Mis escasos conocimientos de griego no me permiten grandes aventuras léxicas. Pero cualquier diccionario teológico nos ayuda a entender el sentido neotestamentario de los términos “apóstol” o “apostolado”. Según la Enciclopedia Histórico-Teológica de la Iglesia Cristiana: “El uso bíblico del término ‘apóstol’ está casi enteramente limitado al Nuevo Testamento. Ocurre setenta y nueve veces: diez en los evangelios, veintiocho en Hechos, treinta y ocho en las epístolas y tres en Apocalipsis. Nuestra palabra española es una transliteración de la palabra griega apostolos, que se deriva de apostellein, enviar. Aunque en el Nuevo Testamento se usen otras palabras que indican despachar, enviar, mandar a otro lugar, la palabra apostellein pone énfasis en los elementos de la comisión – la autoridad de quien envía y la responsabilidad delante de éste. Por lo tanto, si nos limitamos rigurosamente al término, un apóstol es alguien enviado en una misión específica, en la cual actúa con plena autoridad a favor de quien lo envió, y debe rendirle cuentas a él”.

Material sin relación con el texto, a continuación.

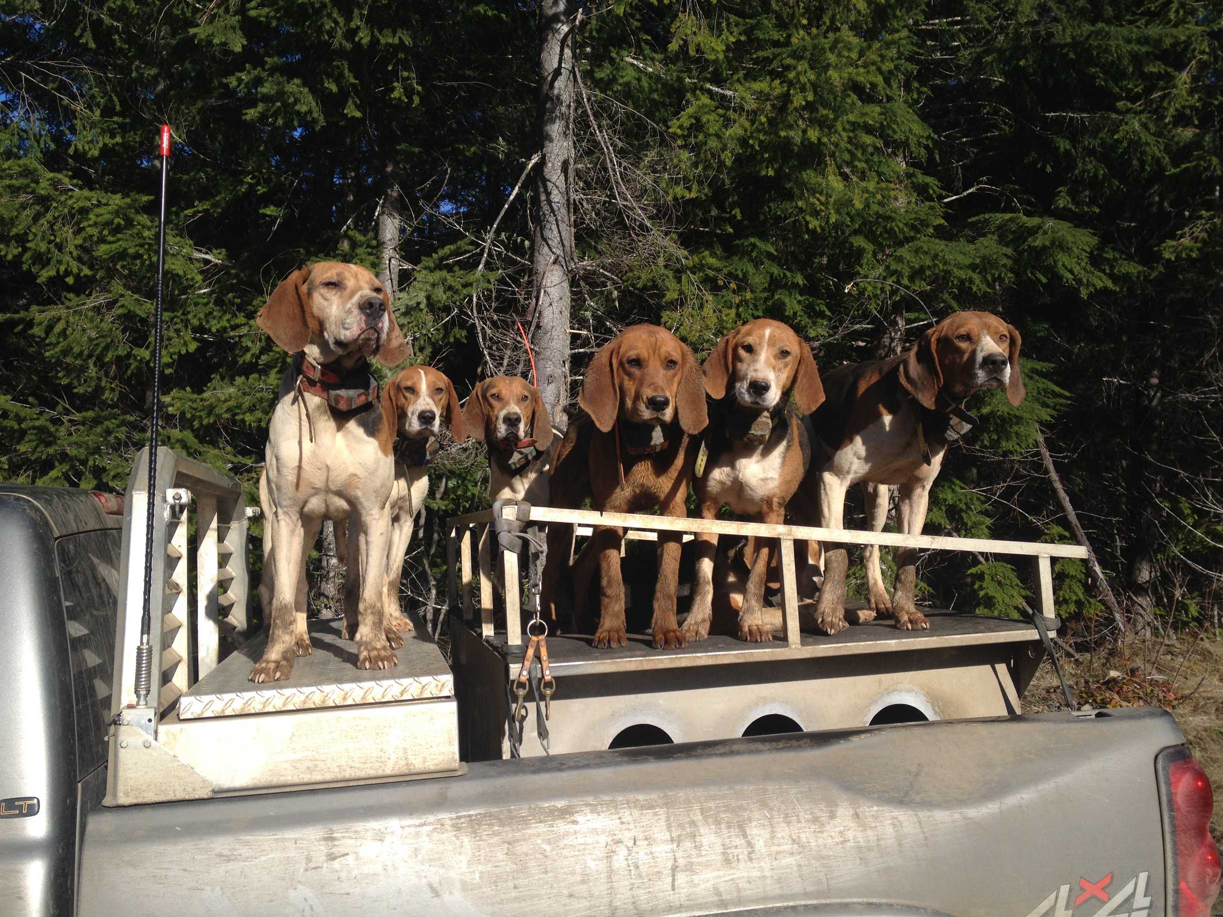 This was opening weekend 2015 ,hounds started out good . THE RED AND WHITE IS A HOUND I CALL DEWEY . Guess where he came from? He is a nice hound and puts speed on the jump!
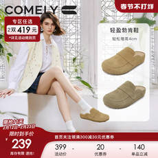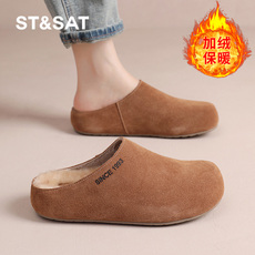 Devo/的沃软木拖鞋包头加毛加绒保暖半包半拖休闲外穿冬女鞋66001

Jesús fue llamado apóstol en Hebreos 3:1. Él hablaba los designios de Dios. Los doce discípulos más cercanos a Jesús también recibieron ese título. El número de apóstoles era fijo, pues existía un paralelismo con las doce tribus de Israel. Jesús se refiere únicamente a doce tronos en la era venidera (Mateo 19:28; Ap 21.14). Luego de la traición de Judas, y para que se cumpliese la profecía, al parecer la iglesia se sintió obligada en el primer capítulo de Hechos a preservar ese número. A pesar de esto, no tenemos conocimiento, al menos al estudiar la historia de la iglesia, de otros esfuerzos hechos para seleccionar nuevos apóstoles como sucesores de los que morían (Hechos 12:2). Con el paso del tiempo ya no se podían cumplir las exigencias para que alguien fuese calificado como apóstol: “Por tanto, es preciso que se una a nosotros un testigo de la resurrección, uno de los que nos acompañaban todo el tiempo que el Señor Jesús vivió entre nosotros, desde que Juan bautizaba hasta el día en que Jesús fue llevado de entre nosotros". (Hechos 1:21).
Por esta razón, algunos de los mejores exegetas del Nuevo Testamento concuerdan en que las listas ministeriales de 1º Corintios 12 y Efesios 4 se refieren exclusivamente a los primeros apóstoles y no a nuevos apóstoles.
Pero, ¿qué del apostolado de Pablo? La excepción confirma la regla. En la defensa de su apostolado, en 1º Corintios 15:8, él afirma que fue testigo de la resurrección (vio al Señor en el camino a Damasco), pero reconoce que era un abortivo (nacido fuera de tiempo): “Admito que yo soy el más insignificante de los apóstoles y que ni siquiera merezco ser llamado apóstol, porque perseguí a la iglesia de Dios” (1º Corintios 15:9). El testimonio de más de 2.000 años de historia es que los apóstoles fueron solamente aquellos doce hombres que anduvieron con Jesús y fueron comisionados por él para ser las columnas de la iglesia, la comunidad espiritual de Dios.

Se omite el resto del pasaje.